[cap-talk] Confinement Confusion

David Hopwood david.nospam.hopwood at blueyonder.co.uk
Tue Jul 18 09:14:47 EDT 2006


David Wagner wrote:
> Toby Murray writes:
> 
>>Thus, it looks to me that *-property and confinement are inherently 
>>tangled in the minds of many in the community. If anyone out there could 
>>give some history on this I'd certainly be interested to hear it.
> 
> Confinement is the goal.  The *-property is one approach to try to
> meet that goal.  To put it another way, the *-property is a means to
> an end; that end is confinement.

My impression was that confinement, the simple security property, and
the *-property were all independent goals.

You can certainly have each of these properties, in several variants,
without the other two. (You can have confinement without any labelling,
which is necessary to express the simple security property or the
*-property.)

But I never really understood why the simple security property or the
*-property would be desirable anyway, given the restrictions they place
on frequently needed patterns of cooperation.

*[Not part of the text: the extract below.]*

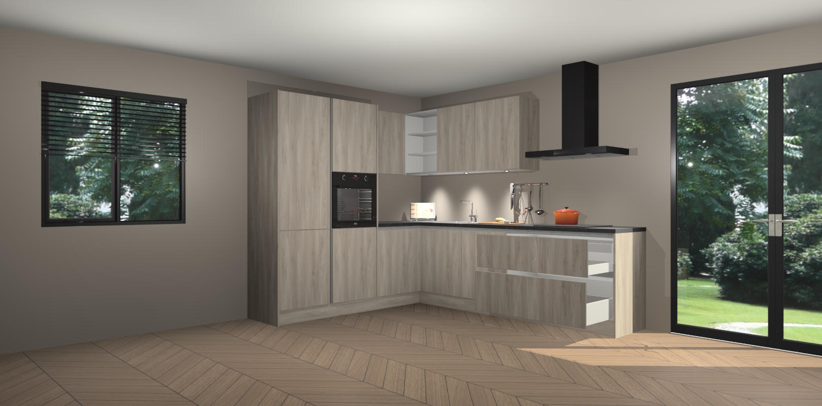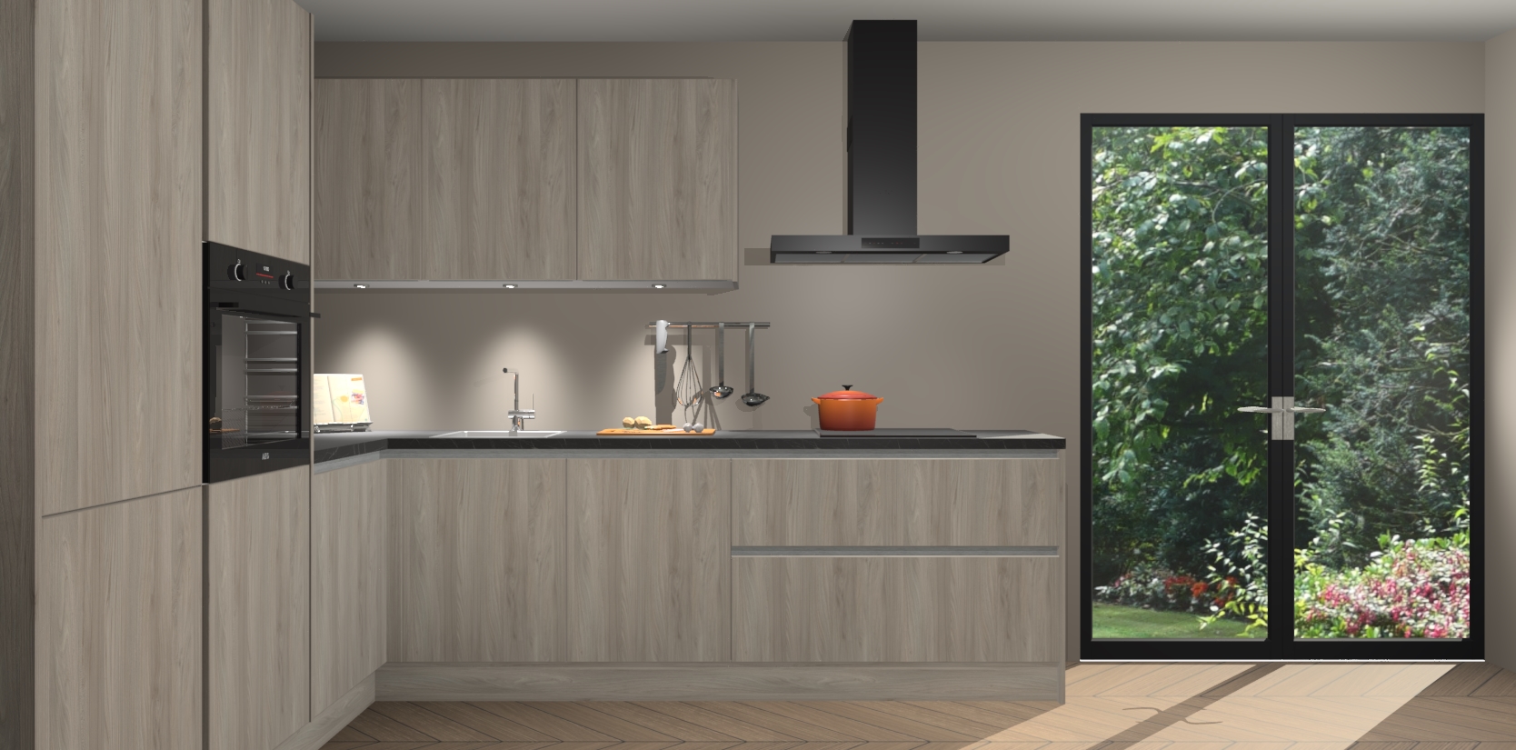 Met de olm greeploze keuken Parla Maakt u van uw keuken het pronkstuk van uw huis. Stijlvol en toch praktisch, de nieuwste look voor wie meer waarde en charme aan zijn huis wil toevoegen. Met prachtige zwarte handgrepen die zich lenen voor een klassieke stijlbron, zal u niet teleurgesteld zijn in het resultaat. De soft-close deurscharnieren geven een gevoel van luxe omdat ze zachtjes bewegen zonder storende of krakende geluiden te veroorzaken.

It is very odd that
these properties have been considered important challenge problems for
access control systems, when they are almost irrelevant to real-world
security problems, and rigorous enforcement of them would often
*preclude* secure cooperation.

>>Of course that most recent Halevi. Karger. et. al paper also models 
>>confinement using "probabilistic non-interference". Given the huge 
>>number of different variations on non-interference, I feel this only 
>>further confuses things.
> 
> Hmm.  I'm not sure I understand this criticism.  Probabilistic
> non-interference seems to be a reasonable formalism for analyzing covert
> channels and bit-confinement.

Probabilistic non-interference seems to me to be useless at best, given
that we have no sound basis on which to estimate the probabilities.